▶ **How to complete this task**
Give again, word for word, the lines below that run from the line with "Рис. 4. Антитектоника" through the line with "En 1923 la ciudad". Drop the pictures.

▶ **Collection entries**

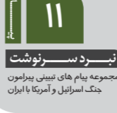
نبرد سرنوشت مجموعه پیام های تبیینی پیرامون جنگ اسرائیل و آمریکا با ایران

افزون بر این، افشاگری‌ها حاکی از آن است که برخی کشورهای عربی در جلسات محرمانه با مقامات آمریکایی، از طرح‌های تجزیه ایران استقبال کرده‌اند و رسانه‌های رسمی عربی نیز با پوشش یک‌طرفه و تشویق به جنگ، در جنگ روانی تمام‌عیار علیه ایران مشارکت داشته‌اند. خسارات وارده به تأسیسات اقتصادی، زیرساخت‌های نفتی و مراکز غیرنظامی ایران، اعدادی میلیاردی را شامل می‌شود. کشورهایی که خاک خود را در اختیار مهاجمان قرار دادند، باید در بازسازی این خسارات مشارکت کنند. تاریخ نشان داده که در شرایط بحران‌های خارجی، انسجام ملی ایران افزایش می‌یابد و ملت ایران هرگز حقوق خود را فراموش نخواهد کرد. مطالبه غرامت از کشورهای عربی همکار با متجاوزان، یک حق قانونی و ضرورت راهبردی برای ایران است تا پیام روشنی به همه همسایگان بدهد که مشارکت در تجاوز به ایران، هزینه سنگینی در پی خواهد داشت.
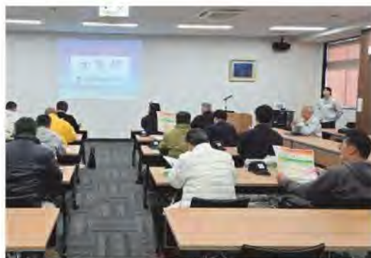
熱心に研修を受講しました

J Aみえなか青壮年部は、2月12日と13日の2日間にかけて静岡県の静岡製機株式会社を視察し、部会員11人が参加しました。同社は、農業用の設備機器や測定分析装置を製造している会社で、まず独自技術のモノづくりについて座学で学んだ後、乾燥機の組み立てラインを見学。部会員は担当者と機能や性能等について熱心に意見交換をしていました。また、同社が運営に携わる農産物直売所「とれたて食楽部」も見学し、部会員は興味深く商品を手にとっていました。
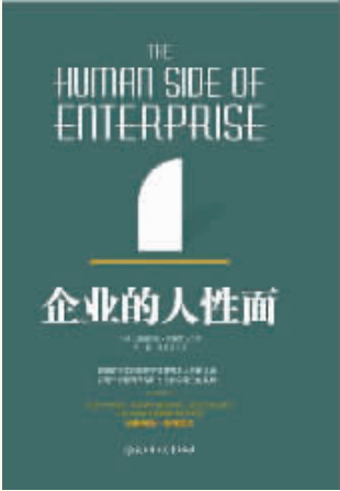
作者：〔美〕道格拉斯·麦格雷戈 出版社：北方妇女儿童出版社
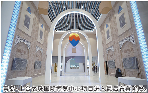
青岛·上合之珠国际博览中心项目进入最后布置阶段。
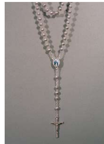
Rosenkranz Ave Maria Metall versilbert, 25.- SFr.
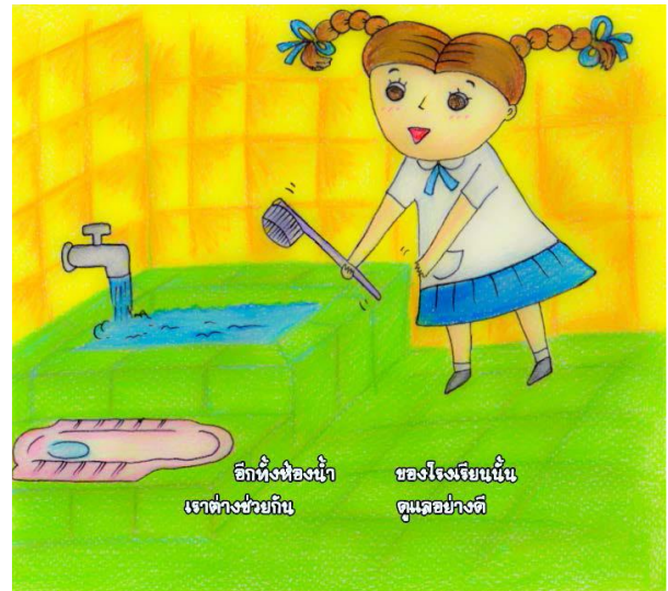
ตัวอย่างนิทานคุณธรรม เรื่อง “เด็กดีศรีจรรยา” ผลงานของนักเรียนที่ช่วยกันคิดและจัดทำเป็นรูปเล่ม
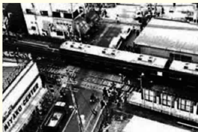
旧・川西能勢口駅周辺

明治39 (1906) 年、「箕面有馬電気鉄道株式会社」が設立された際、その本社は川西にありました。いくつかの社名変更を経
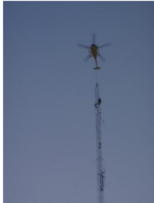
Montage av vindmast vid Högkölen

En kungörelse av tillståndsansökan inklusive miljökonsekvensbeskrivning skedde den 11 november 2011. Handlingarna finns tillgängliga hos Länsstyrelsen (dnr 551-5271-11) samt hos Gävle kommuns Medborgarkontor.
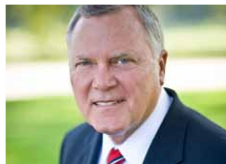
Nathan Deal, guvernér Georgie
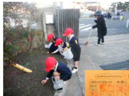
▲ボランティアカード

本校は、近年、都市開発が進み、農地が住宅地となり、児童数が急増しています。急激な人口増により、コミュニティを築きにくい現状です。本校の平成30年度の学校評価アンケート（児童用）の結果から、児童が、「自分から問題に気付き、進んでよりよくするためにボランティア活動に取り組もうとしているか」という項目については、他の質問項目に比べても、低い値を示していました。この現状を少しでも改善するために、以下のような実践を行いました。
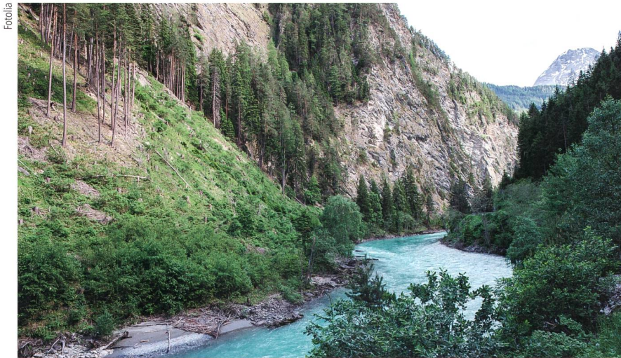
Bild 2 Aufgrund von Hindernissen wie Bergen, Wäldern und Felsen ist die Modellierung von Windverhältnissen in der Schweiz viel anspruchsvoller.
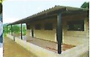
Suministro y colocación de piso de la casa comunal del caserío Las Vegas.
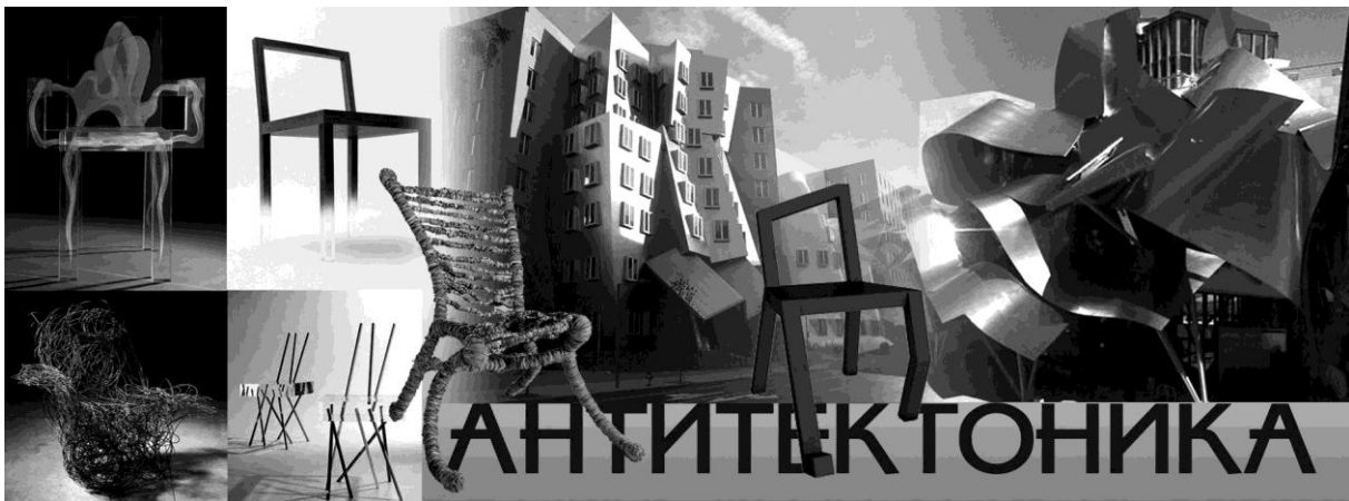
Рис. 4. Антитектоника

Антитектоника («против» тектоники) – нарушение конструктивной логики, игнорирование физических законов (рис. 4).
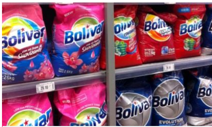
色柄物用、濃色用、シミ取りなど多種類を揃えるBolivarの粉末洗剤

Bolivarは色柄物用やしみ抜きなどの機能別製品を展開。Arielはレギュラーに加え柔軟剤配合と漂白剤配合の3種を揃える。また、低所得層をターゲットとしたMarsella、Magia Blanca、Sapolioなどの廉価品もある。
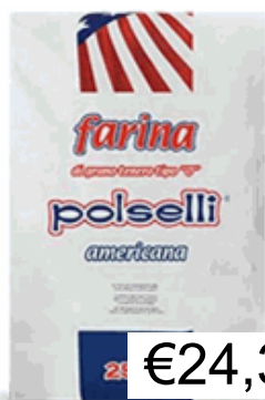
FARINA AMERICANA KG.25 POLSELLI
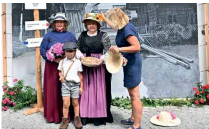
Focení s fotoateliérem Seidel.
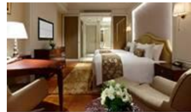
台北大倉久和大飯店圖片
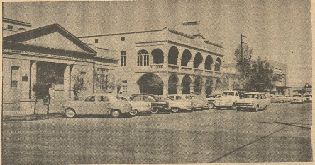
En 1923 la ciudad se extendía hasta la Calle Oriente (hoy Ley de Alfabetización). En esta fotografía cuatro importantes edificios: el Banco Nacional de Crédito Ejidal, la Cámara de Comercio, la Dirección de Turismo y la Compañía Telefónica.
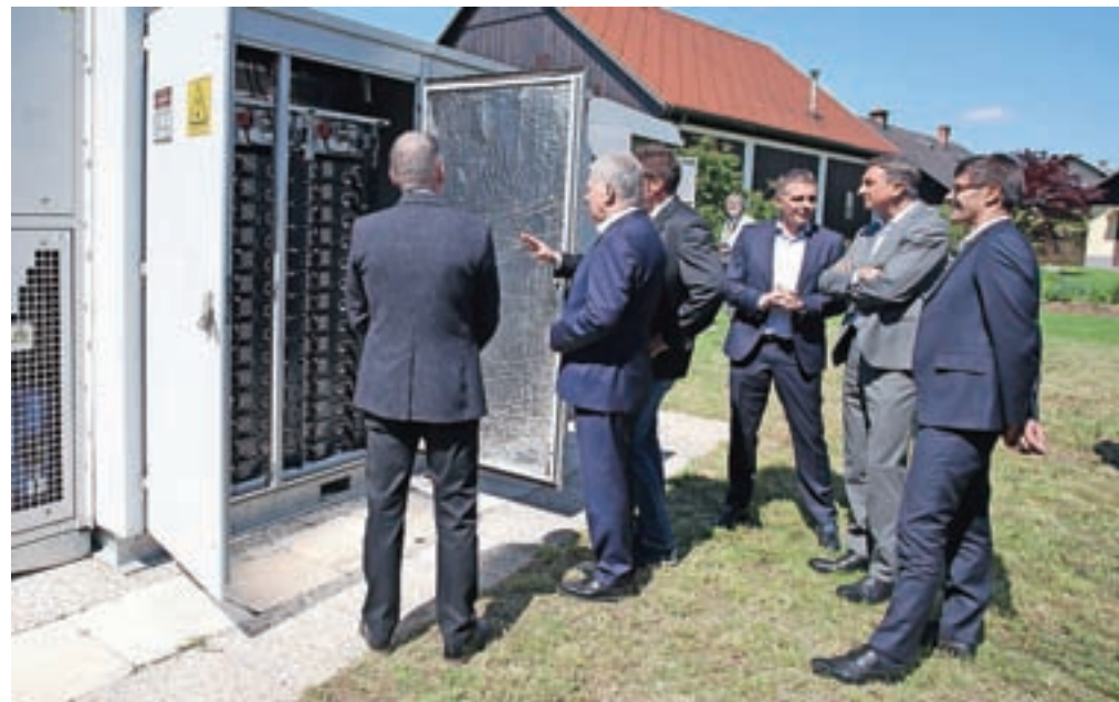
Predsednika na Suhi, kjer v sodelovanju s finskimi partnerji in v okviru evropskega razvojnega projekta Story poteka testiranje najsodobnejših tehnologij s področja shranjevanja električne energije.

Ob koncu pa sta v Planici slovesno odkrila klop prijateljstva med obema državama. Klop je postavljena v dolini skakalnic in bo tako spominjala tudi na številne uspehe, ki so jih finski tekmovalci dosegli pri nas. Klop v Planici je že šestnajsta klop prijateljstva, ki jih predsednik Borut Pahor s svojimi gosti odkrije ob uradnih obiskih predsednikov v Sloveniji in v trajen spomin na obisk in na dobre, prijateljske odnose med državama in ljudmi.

▶ **Task answer**
Рис. 4. Антитектоника

Антитектоника («против» тектоники) – нарушение конструктивной логики, игнорирование физических законов (рис. 4).
色柄物用、濃色用、シミ取りなど多種類を揃えるBolivarの粉末洗剤

Bolivarは色柄物用やしみ抜きなどの機能別製品を展開。Arielはレギュラーに加え柔軟剤配合と漂白剤配合の3種を揃える。また、低所得層をターゲットとしたMarsella、Magia Blanca、Sapolioなどの廉価品もある。
FARINA AMERICANA KG.25 POLSELLI
Focení s fotoateliérem Seidel.
台北大倉久和大飯店圖片
En 1923 la ciudad se extendía hasta la Calle Oriente (hoy Ley de Alfabetización). En esta fotografía cuatro importantes edificios: el Banco Nacional de Crédito Ejidal, la Cámara de Comercio, la Dirección de Turismo y la Compañía Telefónica.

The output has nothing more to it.